Today’s Ingathering Service honors the place of water in our lives – including, of course, the mother of all water, the ocean. 

 

I believe we have a moral responsibility to become fully educated about the complexities of ocean environmental and species interactions. 

 

It is not enough to simply agree to the UUA’s largely unscientific “statements of conscience” or to participate in “days of climate action” without really understanding the science, the multiple factors involved.  There are many competing interests and rights that vie for our soul:

·        the right of people to provide for their families.

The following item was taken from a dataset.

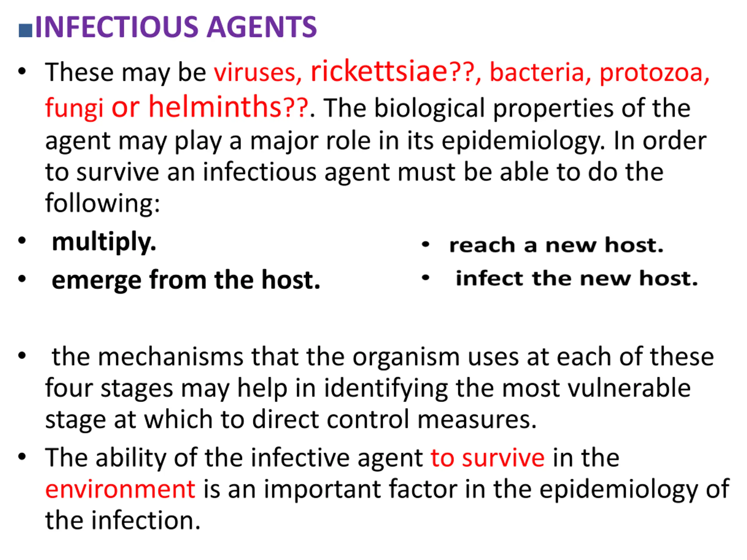 INFECTIOUS AGENTS These may be viruses, rickettsiae??, bacteria, protozoa, fungi or helminths??. The biological properties of the agent may play a major role in its epidemiology. In order to survive an infectious agent must be able to do the following: multiply. emerge from the host. the mechanisms that the organism uses at each of these four stages may help in identifying the most vulnerable stage at which to direct control measures. The ability of the infective agent to survive in the environment is an important factor in the epidemiology of the infection.

·        the necessity to manage fish stock for human consumption

·        the claim of natural species to exist

·        the freedom to live where one chooses

·        the preservation of human culture and ways of life

 

The moral life is hard work.  In previous generations – before widespread public dissemination of the results of scientific inquiry – people wrestled with the moral implications of theological positions such as Calvinist claims to there being a pre-ordained divine selection of the elect and the damned. 

 

I think what has largely replaced theological debate in our lives today is a greater awareness of the scientific aspects of being human, with the accompanying religious and moral dilemmas that must be addressed. 

The level of complexity in these matters is orders of magnitude higher.

 

Thus, it is our moral duty to educate ourselves to be ready for those tasks.

 

This is my New Bedford Journal for September 13th, 2009.